### WORK REQUIRED:
Return the full listing character for character, without its pictures.

### COLLECTED DATA:
####
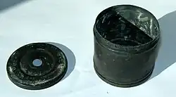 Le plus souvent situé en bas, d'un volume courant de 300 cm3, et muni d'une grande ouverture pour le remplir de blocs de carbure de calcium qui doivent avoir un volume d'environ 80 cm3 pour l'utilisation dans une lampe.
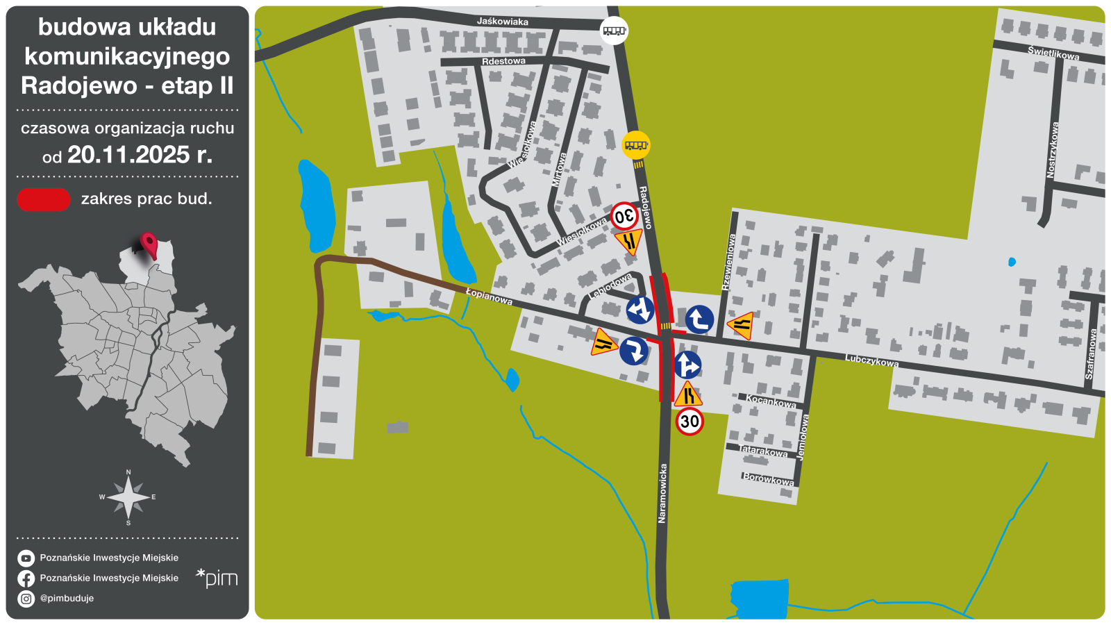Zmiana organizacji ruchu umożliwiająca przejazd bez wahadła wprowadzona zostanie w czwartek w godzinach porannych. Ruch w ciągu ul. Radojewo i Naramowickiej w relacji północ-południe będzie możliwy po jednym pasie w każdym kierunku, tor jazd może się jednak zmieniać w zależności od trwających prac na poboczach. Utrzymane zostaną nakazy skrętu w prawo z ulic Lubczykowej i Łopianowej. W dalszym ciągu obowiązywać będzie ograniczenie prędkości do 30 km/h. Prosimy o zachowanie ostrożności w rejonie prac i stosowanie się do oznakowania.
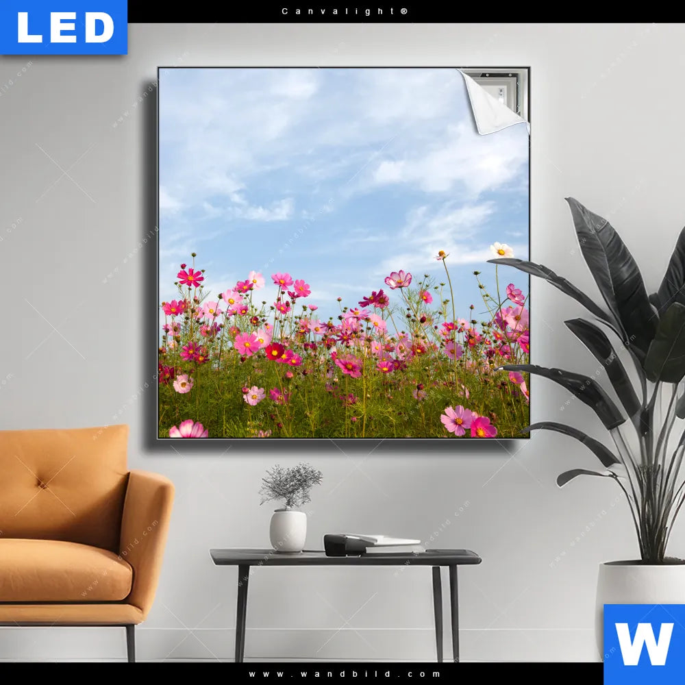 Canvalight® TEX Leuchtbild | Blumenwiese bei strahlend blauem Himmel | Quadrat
####
### ANSWER FOR THIS EXERCISE:
 Le plus souvent situé en bas, d'un volume courant de 300 cm3, et muni d'une grande ouverture pour le remplir de blocs de carbure de calcium qui doivent avoir un volume d'environ 80 cm3 pour l'utilisation dans une lampe.
Zmiana organizacji ruchu umożliwiająca przejazd bez wahadła wprowadzona zostanie w czwartek w godzinach porannych. Ruch w ciągu ul. Radojewo i Naramowickiej w relacji północ-południe będzie możliwy po jednym pasie w każdym kierunku, tor jazd może się jednak zmieniać w zależności od trwających prac na poboczach. Utrzymane zostaną nakazy skrętu w prawo z ulic Lubczykowej i Łopianowej. W dalszym ciągu obowiązywać będzie ograniczenie prędkości do 30 km/h. Prosimy o zachowanie ostrożności w rejonie prac i stosowanie się do oznakowania.
 Canvalight® TEX Leuchtbild | Blumenwiese bei strahlend blauem Himmel | Quadrat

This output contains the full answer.